• [TO DO]: A faithful transcription of all the entries below is needed, without the pictures.

*** DATA PROVIDED Section Begins ***

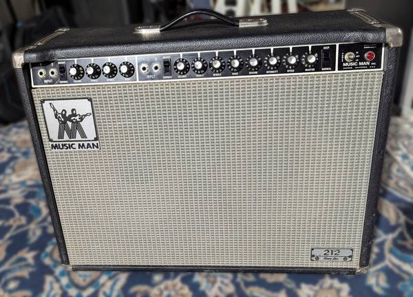 This Music Man combo is one of the more sought-after Music Man models as it is a great alternative to a vintage Fender Twin Reverb. It features two channels along with both reverb and tremolo, though the tremolo on this particular unit is not working. I've never used tremolo so I've never fixed it, but everything else is in working order. The unit was re-tubed with JJ Tubes a few years back, and those tubes have only nominal hours on them. The speakers are the original Music Man ceramics, which provide excellent sound quality. Besides the tubes, everything appears to be fairly stock. It's spent much of his life in a Anvil-style case, so it's been well-protected and stored.
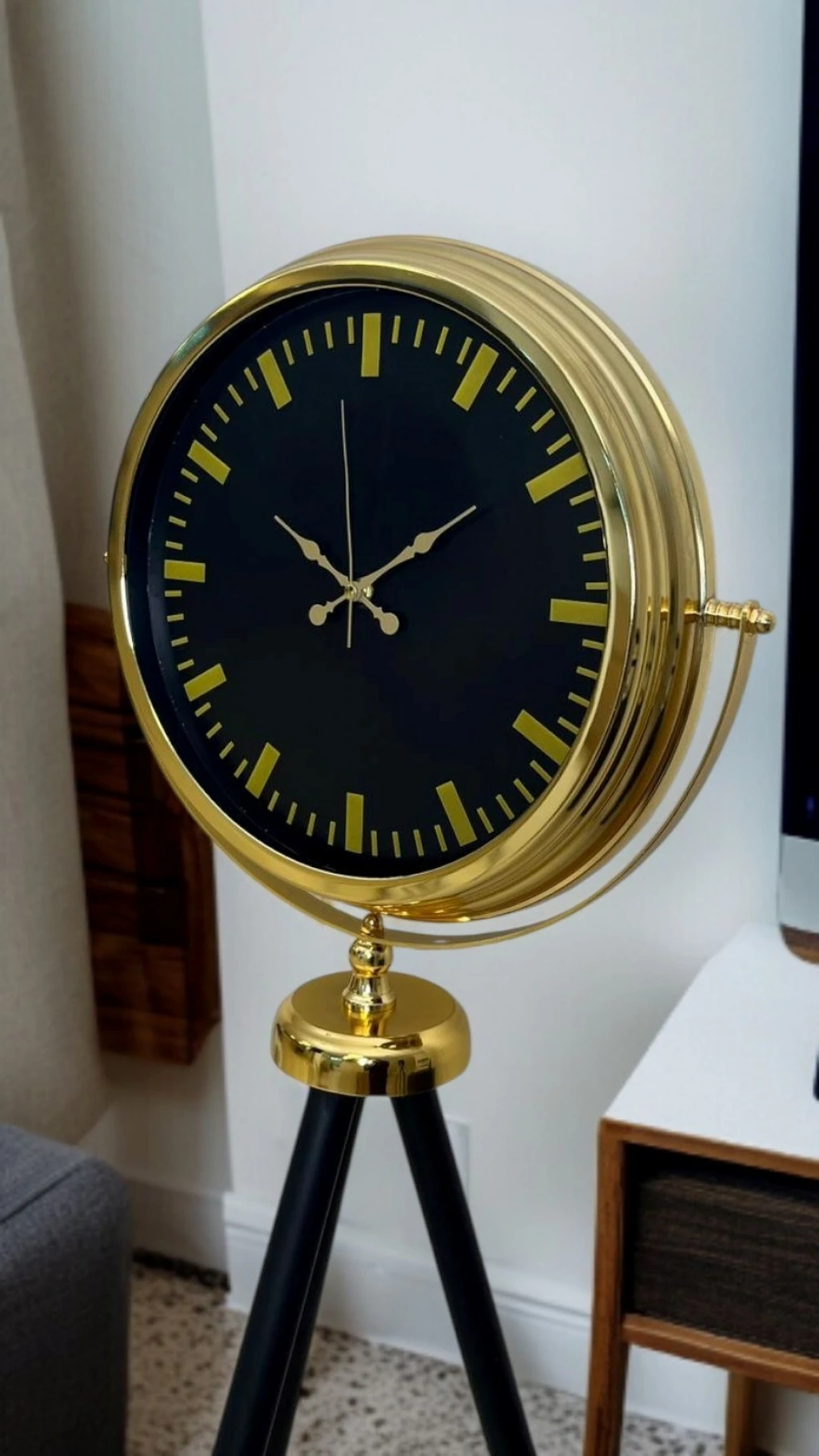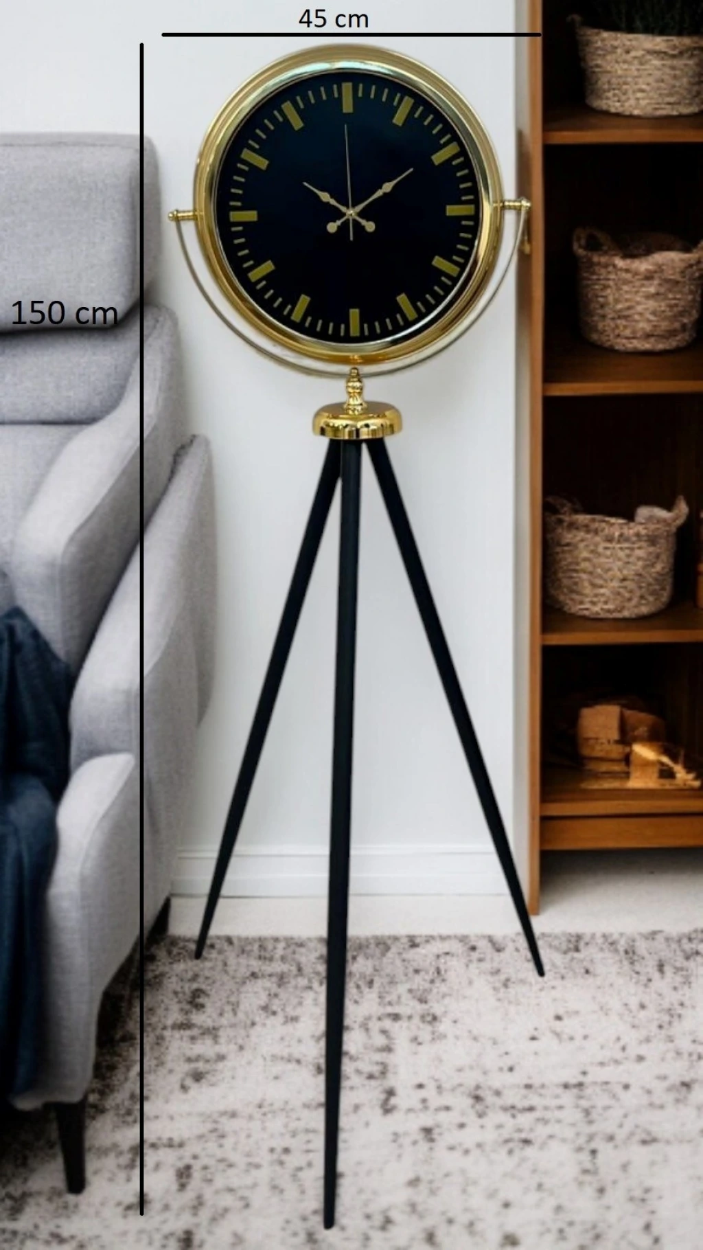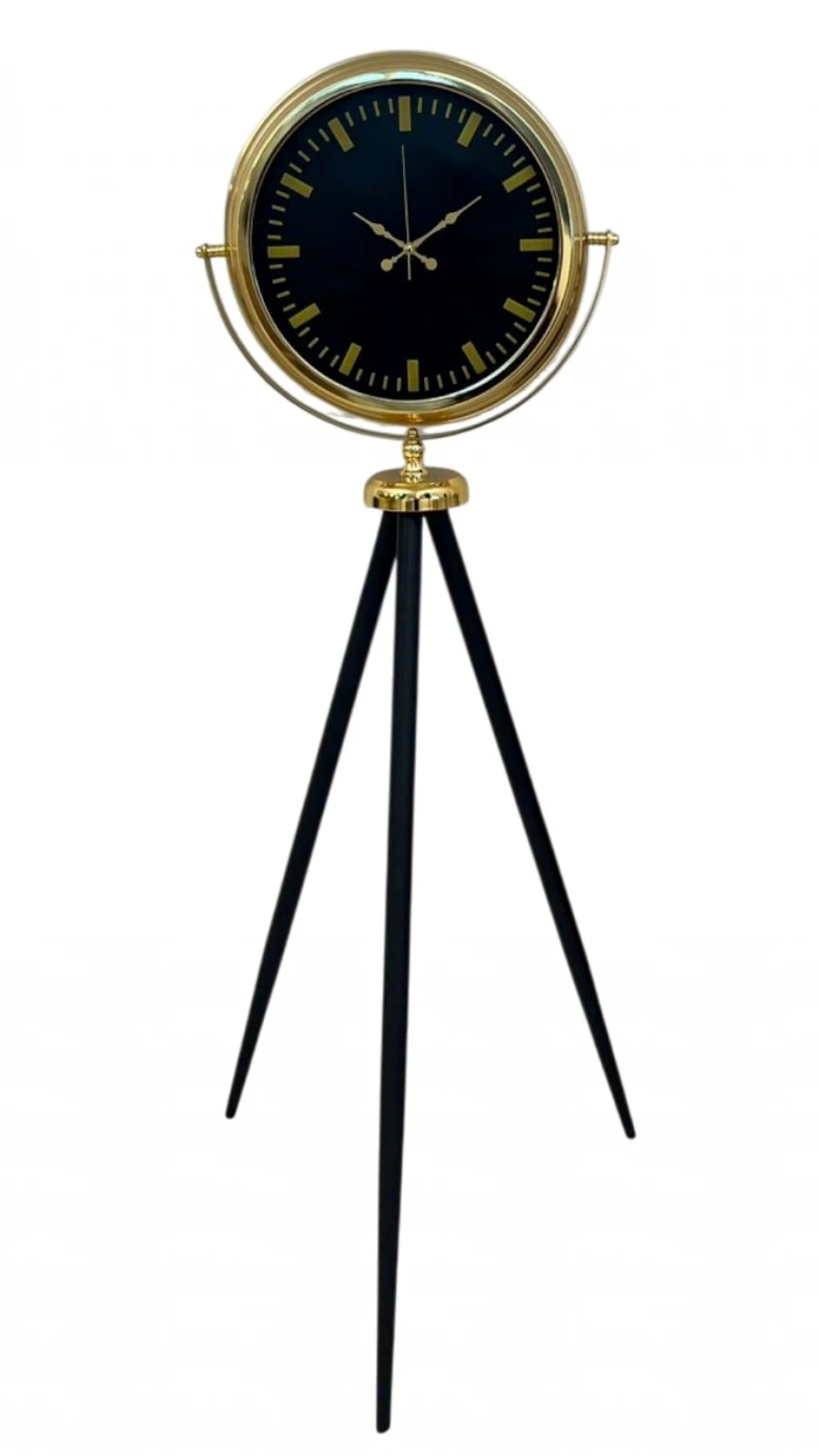 Modern tasarımı zamansız şıklıkla buluşturan bu gold tripod ayaklı yer saati, güçlü duruşu ve dengeli oranlarıyla bulunduğu mekânda hemen fark edilir. Siyah kadranın asaleti, gold metal çerçeve ve detaylarla kusursuz bir uyum yakalayarak hem modern hem de klasik dekorasyon stillerine rahatlıkla eşlik eder. Ev, ofis, showroom, otel lobisi veya prestijli yaşam alanları için dekoratif olduğu kadar fonksiyonel bir tamamlayıcıdır.
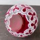 构造由三层玻璃叠加而成:最外层是透明的红粉色,紧接着是白色层,底部则为透明玻璃。制作过程中,我先在玻璃球表面根据花纹进行遮蔽喷砂雕刻,接着再次加热并吹制成型。由于粉红色层在加热过程中会些微收缩,底层的基础白色便会像勾边一样显露出来。花纹部分因色玻璃的厚度而带有立体的触感。
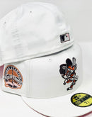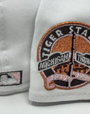 Presenting White Detroit Tigers custom new era fitted hat from sports world. 59Fifty high crown and pink under visor. Front tiger face logo in brown, orange and white mixture. Tiger stadium side patch. White sweatband. 100 percent cotton. Imported from Bangladesh.
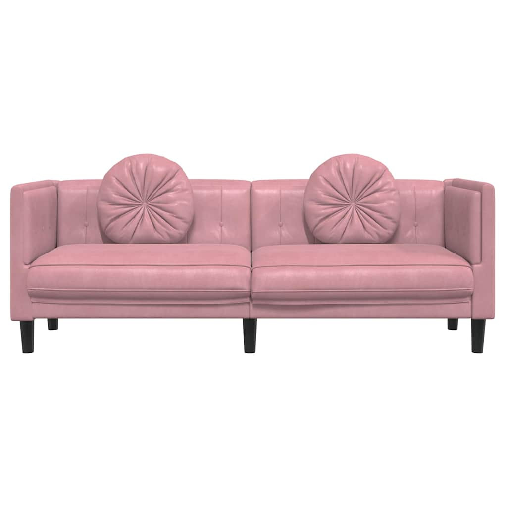 rózsaszín bársony 3 személyes kanapé párnákkal

*** DATA PROVIDED Section Ends ***

• [EXERCISE RESULT]:
 This Music Man combo is one of the more sought-after Music Man models as it is a great alternative to a vintage Fender Twin Reverb. It features two channels along with both reverb and tremolo, though the tremolo on this particular unit is not working. I've never used tremolo so I've never fixed it, but everything else is in working order. The unit was re-tubed with JJ Tubes a few years back, and those tubes have only nominal hours on them. The speakers are the original Music Man ceramics, which provide excellent sound quality. Besides the tubes, everything appears to be fairly stock. It's spent much of his life in a Anvil-style case, so it's been well-protected and stored.
 Modern tasarımı zamansız şıklıkla buluşturan bu gold tripod ayaklı yer saati, güçlü duruşu ve dengeli oranlarıyla bulunduğu mekânda hemen fark edilir. Siyah kadranın asaleti, gold metal çerçeve ve detaylarla kusursuz bir uyum yakalayarak hem modern hem de klasik dekorasyon stillerine rahatlıkla eşlik eder. Ev, ofis, showroom, otel lobisi veya prestijli yaşam alanları için dekoratif olduğu kadar fonksiyonel bir tamamlayıcıdır.
 构造由三层玻璃叠加而成:最外层是透明的红粉色,紧接着是白色层,底部则为透明玻璃。制作过程中,我先在玻璃球表面根据花纹进行遮蔽喷砂雕刻,接着再次加热并吹制成型。由于粉红色层在加热过程中会些微收缩,底层的基础白色便会像勾边一样显露出来。花纹部分因色玻璃的厚度而带有立体的触感。
 Presenting White Detroit Tigers custom new era fitted hat from sports world. 59Fifty high crown and pink under visor. Front tiger face logo in brown, orange and white mixture. Tiger stadium side patch. White sweatband. 100 percent cotton. Imported from Bangladesh.
 rózsaszín bársony 3 személyes kanapé párnákkal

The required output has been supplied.